In intuitive terms: Let's say I ask you to throw a dart at a dartboard. To keep things simple, assume the face of the dartboard has an area of 1 square meter, and that you are equally likely to hit any spot on the dartboard. What is the probability that the dart will land at a particular point on a dartboard?
We can approximate this by discretizing the dartboard and thinking of it as a bunch of tiny squares that are 1 millimeter on each side. In that case, the probability of landing in a specific square is 1 in a million. But this is an approximation, and we're not really happy with it, so perhaps we can divide the dartboard into "points" that are 1 micrometer on each side. Now that we have a finer granularity, the chances of hitting a specific point are 1 in a trillion.
Of course, this is still an approximation, and we want to be exact, so let's look at individual molecules on the dartboard's surface. What is the probability of hitting a specific molecule? It'll be a tiny number -- maybe something like 10^-30. In the pursuit of accuracy, we can go beyond molecules to atoms or even to quarks. As we get closer and closer to defining a point as being infinitesimally small, the probability of hitting that point gets infinitesimally close to 0.
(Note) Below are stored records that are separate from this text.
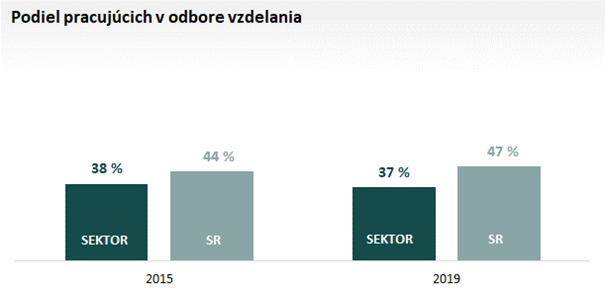 V sektore klesá podiel pracujúcich v odbore vzdelania. V súčasnosti približne 37 % zamestnancov sektora vyštudovalo optimálny odbor vzdelania k vykonávanému zamestnaniu. Pri vysokoškolských zamestnancoch v sektore je to 40 % a stredoškolských 33 %. Z hľadiska sektorovo špecifických zamestnaní vykonáva približne 38 % zamestnancov prácu, na ktorú sa aj pripravovali počas štúdia.
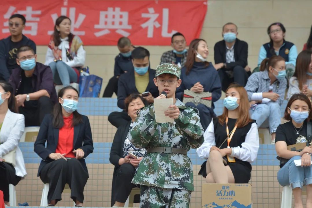 接下來(lái),來(lái)自高一二班的田勁夫同學(xué)和來(lái)自初一四班韓其言同學(xué)的家長(zhǎng)分別作為優(yōu)秀學(xué)員代表、家長(zhǎng)代表發(fā)言。從學(xué)生和父母的角度,表達(dá)了對(duì)本次軍訓(xùn)成果的肯定,希望在今后的學(xué)習(xí)中繼續(xù)保持軍訓(xùn)中昂揚(yáng)的斗志,挖掘自己的潛能,實(shí)現(xiàn)自己的理想,成為感恩社會(huì)、回報(bào)社會(huì)的有用之才!
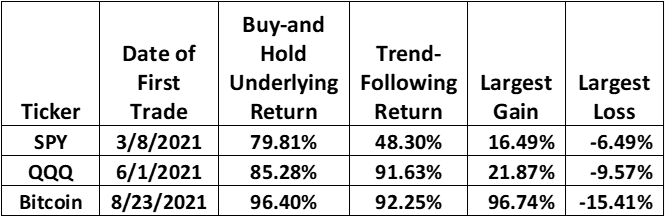 The trend-following approach I use has a decade-long track record across multiple newsletters in three countries. Here are the results for SPY, QQQ, and Bitcoin since I started publishing on Substack:
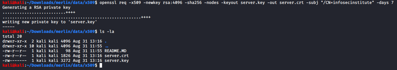 :> openssl req -x509 -newkey rsa:4096 -sha256 -nodes -keyout server.key -out server.crt -subj "/CN=infosecinstitute" -days 7
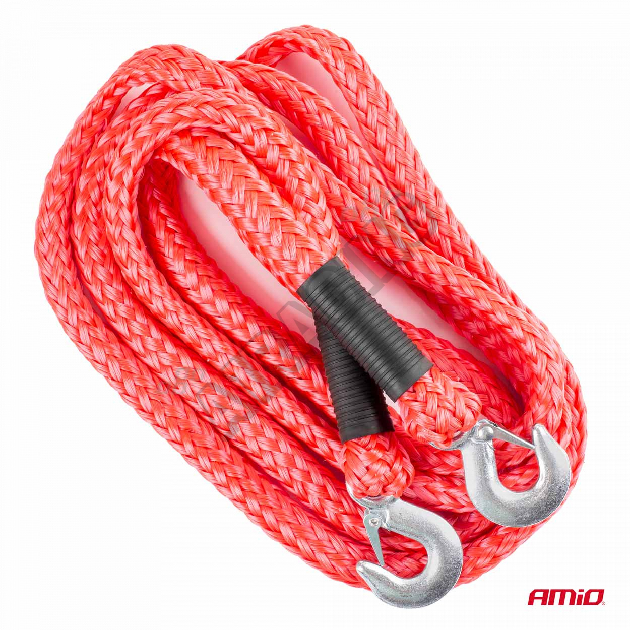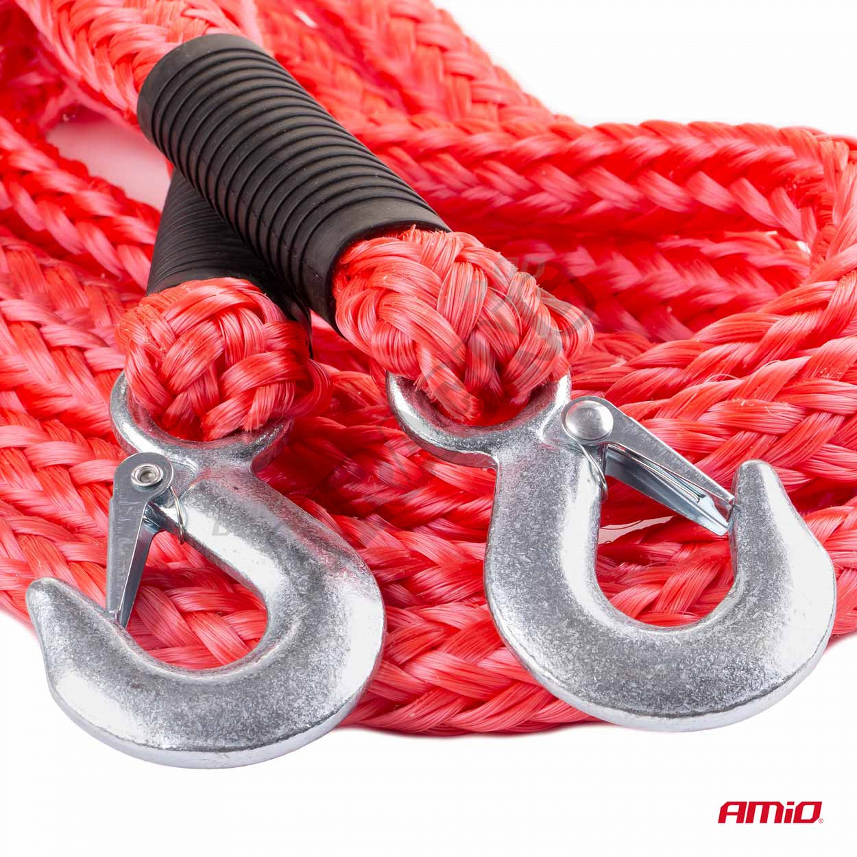 Lano ťažné 2000 kg s karabínami Pevné, pletené ťažné lano, 4 m dlhé Na koncoch sú dva háky s (pruž

In a continuous distribution, a "point" is the same as a "point" the dartboard -- it's dimensionless. You can get non-zero probabilities if you approximate the point with some interval, but as the interval shrinks your probability will approach 0.
In math terms: Probability of an event = (# of outcomes that lead to that event) / (total # of outcomes)
In a continuous distribution, there's an infinite number of outcomes, so the probability of a specific outcome is 1/infinity, which is 0.